Milwaukee Auto Plant To Close Following End of UAW Strike
Agreement lists Bay View distribution plant and its 100 local jobs as slated for elimination.
The United Auto Workers might have scored a win on the national level in reaching agreements in recent weeks with General Motors, Ford and Stellantis, but it’s poised to be a loss for Milwaukee.
Stellantis, best known in the United States for its Chrysler, Dodge and Jeep brands, would close its distribution facility at 3280 S. Clement Ave., and others nationwide as part of an agreement with the labor union.
Mopar, as the Milwaukee plant has long been branded, is the parts distribution arm of the company. The Mopar plant is the last automotive facility in the city.
The agreement calls for a “Mopar Mega Hub” in Belvidere, IL and the elimination of smaller distribution facilities in Milwaukee, Chicago and Marysville, MI.
The Milwaukee facility has approximately 100 UAW-represented employees and was on strike for more than a month. UAW workers have the opportunity to transfer plants in a closure.
Stellantis, in making a contract offer on Sept. 15, sought to close 10 Mopar facilities nationwide as part of a consolidation plan.
“We need to make investments into Mopar,” said Stellantis COO Mark Stewart during a media roundtable on Sept. 16 CNBC reported. “In a lot of cases, it … doesn’t make sense to make those investments in the location that they’re in.”
The tentative agreement grants large pay increases, and the ability for the company to close 19 facilities. According to the UAW, starting wages increase by 67% under the agreement and 25% overall.
“It wasn’t an easy choice or decision,” said UAW vice president Rich Boyer in a Thursday evening live stream video describing the contract. He said the consolidation plan would include a net increase in Mopar jobs and that some workers would receive a 76% raise.
“Everything we have won, we have won together,” said UAW President Shawn Fain
Boyer said the union also achieved a key goal: saving the Belvidere assembly plant. According to the agreement, an existing idled plant would be closed and a new electric vehicle plant would be opened.
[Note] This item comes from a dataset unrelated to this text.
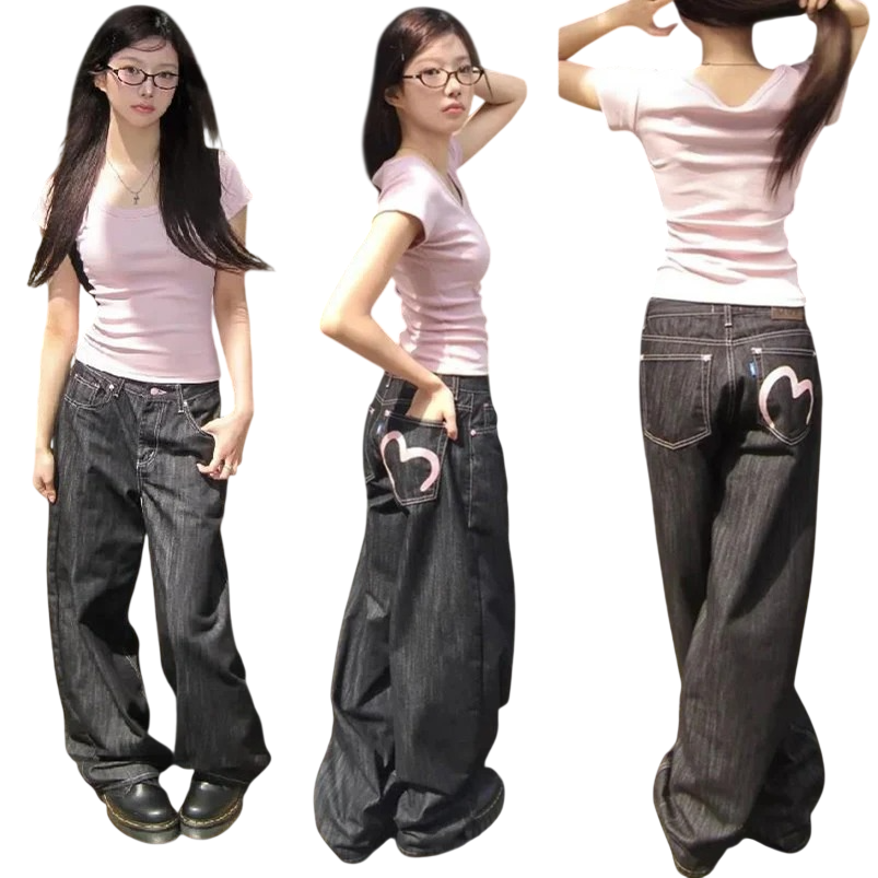 Page d’accueil Page d’accueil Vêtements et accessoires Vêtements et accessoires femme Jeans femme Jeans pour femmes couleur noire Cœur sur la poche arrière Poches Polyester Pantalons décontractés modernes Tenue décontractée stylée
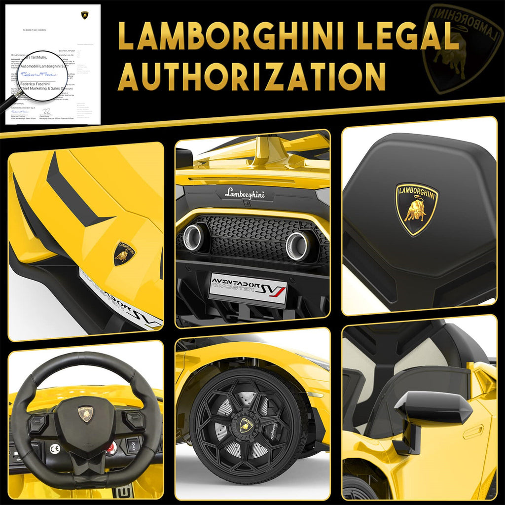 - Licensed Lamborghini ride-on car body with realistic detailing

The new Mopar “mega hub” would open in 2024 according to the agreement.
The Milwaukee plant sits just south of E. Oklahoma Avenue on a 43.5-acre site. Located in the Bay View neighborhood, the oldest part of the plant dates back to 1921 according to the Wisconsin Historical Society. The complex’s history is one of mergers and acquisitions.
It was originally a factory for Indiana-based Lafayette Motors. But the company was acquired by former GM president Charles Nash. Just a couple of years after starting production in Milwaukee, Nash consolidated Lafayette into his Kenosha-based Nash Motor Company and produced only Nash vehicles in Milwaukee. Nash ultimately merged with Kelvinator, an appliance manufacturer, and then Hudson Motor Car Company, after which point it took on the name American Motors Corporation. American was acquired by Chrysler in 1987 and, in more recent history, Chrysler merged with Italian automaker Fiat in 2014 and finally French automaker PSA Group in 2019 to form Stellantis
The plant, according to an industrial property survey by Mead & Hunt, had stopped manufacturing vehicles by 1937 and transitioned to a parts distribution facility.
As recently as 1987, newspaper reports indicate more than 200 people worked at the facility. Chrysler had targeted the plant for a 1990 closure after it acquired American, but those plans never came to fruition. It did close a parts production facility at 3880 N. Richards St.
The warehouse facilities on S. Clement Avenue are formed by a series of multi-story brick buildings connected by 1960s additions. Trucks, of which dozens can always be spotted outside the plant, can quickly access Interstate 794 at E. Oklahoma Ave. or Interstate 43/94 at W. Holt Avenue.
Should it actually close, the site could have substantial redevelopment potential. It is largely surrounded by single-family homes or duplexes in one of the city’s hottest home sale sub-markets. It could also be adaptively reused: the Mead & Hunt report from 2016 says it is potentially eligible for listing on the National Register of Historic Places which would make it eligible for historic preservation tax credits.